Q.25 An object is placed 15 ๐๐ in front of a convex mirror, which has a radius of
curvature 30 ๐๐. Which one of the following is true of the image formed?
(A) Real and inverted
(B) Real and upright
(C) Virtual and inverted
(D) Virtual and upright
Correct Answer
The image formed is virtual and upright. (D)
Sign Convention
Distances follow the New Cartesian sign convention for mirrors. Object distance (u) is negative when in front of the mirror, focal length (f) is positive for convex mirrors, image distance (v) is positive for virtual images behind the mirror, and magnification (m) is positive for upright images.
Step-by-Step Calculation
Radius of curvature R = 30 cm gives focal length f = +R/2 = +15 cm. Object distance u = -15 cm.
Mirror formula 1/f = 1/v + 1/u yields:
1/v = 1/15 โ 1/(-15) = 1/30
so v = +7.5 cm (virtual image behind mirror).

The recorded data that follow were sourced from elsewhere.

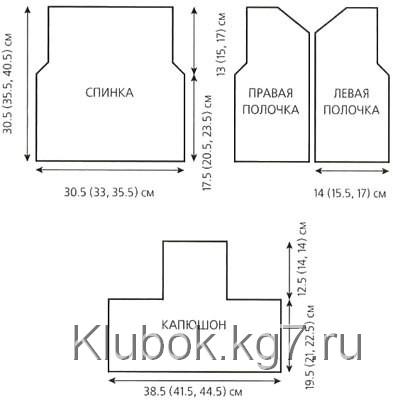 the length of the hood reaches 19.5 (21.5; 22.5) cm from the edge of the neckline. Bind off.
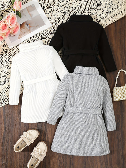 3pcs Girls' Knit Dress Set with Turtleneck & Belt – Soft, Stretchy, Versatile Casual Wear
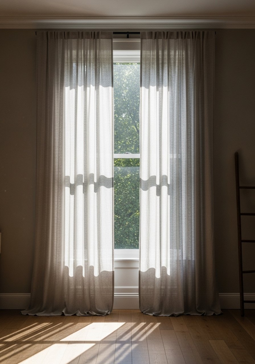 Hanging curtains from just below the ceiling makes low rooms read taller. I hang 96-inch linen panels about 4–6 inches above the window frame — it adds vertical drama. Use two panels per window for soft folds. What works: light-filtering fabric that still glows. What fails: curtains that stop mid-wall — they shrink the room visually. If you have 9-foot ceilings, go 96–108 inches.
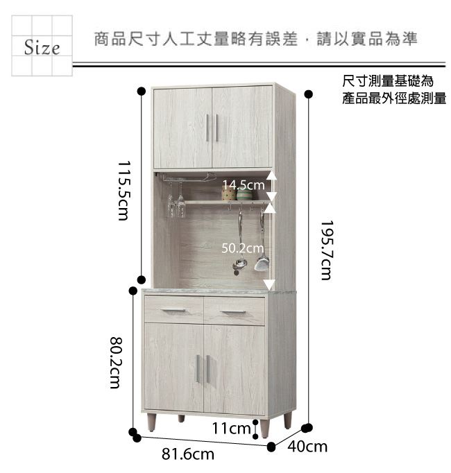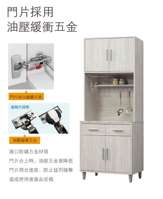 材質 | ◆產品名稱: 【綠家居】瑪波特 橡木紋2.7尺二門二抽高餐櫃組合 產品尺寸: 尺寸:(寬)81.6x(深)40x(高)195.7/公分 ◆材質: 材質:防蛀木心板+防潮耐磨腳座 材質:五金滑軌結構+仿雲紋石紋路木質桌面板+防夾手緩衝門片五金 塗漆:優利坦全包式耐磨噴漆處理

Magnification m = -v/u = -7.5/-15 = +0.5 (upright, diminished).
Option Analysis
- (A) Real and inverted: Incorrect; convex mirrors never form real images, as v is always positive. Real images require converging rays, absent here.
- (B) Real and upright: Incorrect; combines impossible traits for convex mirrors.
- (C) Virtual and inverted: Incorrect; images are virtual but always upright (m > 0). Inverted images need negative m, not possible.
- (D) Virtual and upright: Correct; matches v > 0 and m > 0 for all object positions in convex mirrors.
Key Properties of Convex Mirrors
Convex mirrors diverge light rays, producing virtual, upright, diminished images between pole and focus, regardless of object distance. This wide field of view suits applications like vehicle rearview mirrors.
SEO Optimized Introduction
Convex mirror image formation for an object 15 cm in front with a 30 cm radius of curvature always results in a virtual and upright image. This physics problem, common in exams like CSIR NET, uses the mirror formula and sign convention to determine image nature. Explore detailed calculations and why options like real or inverted fail.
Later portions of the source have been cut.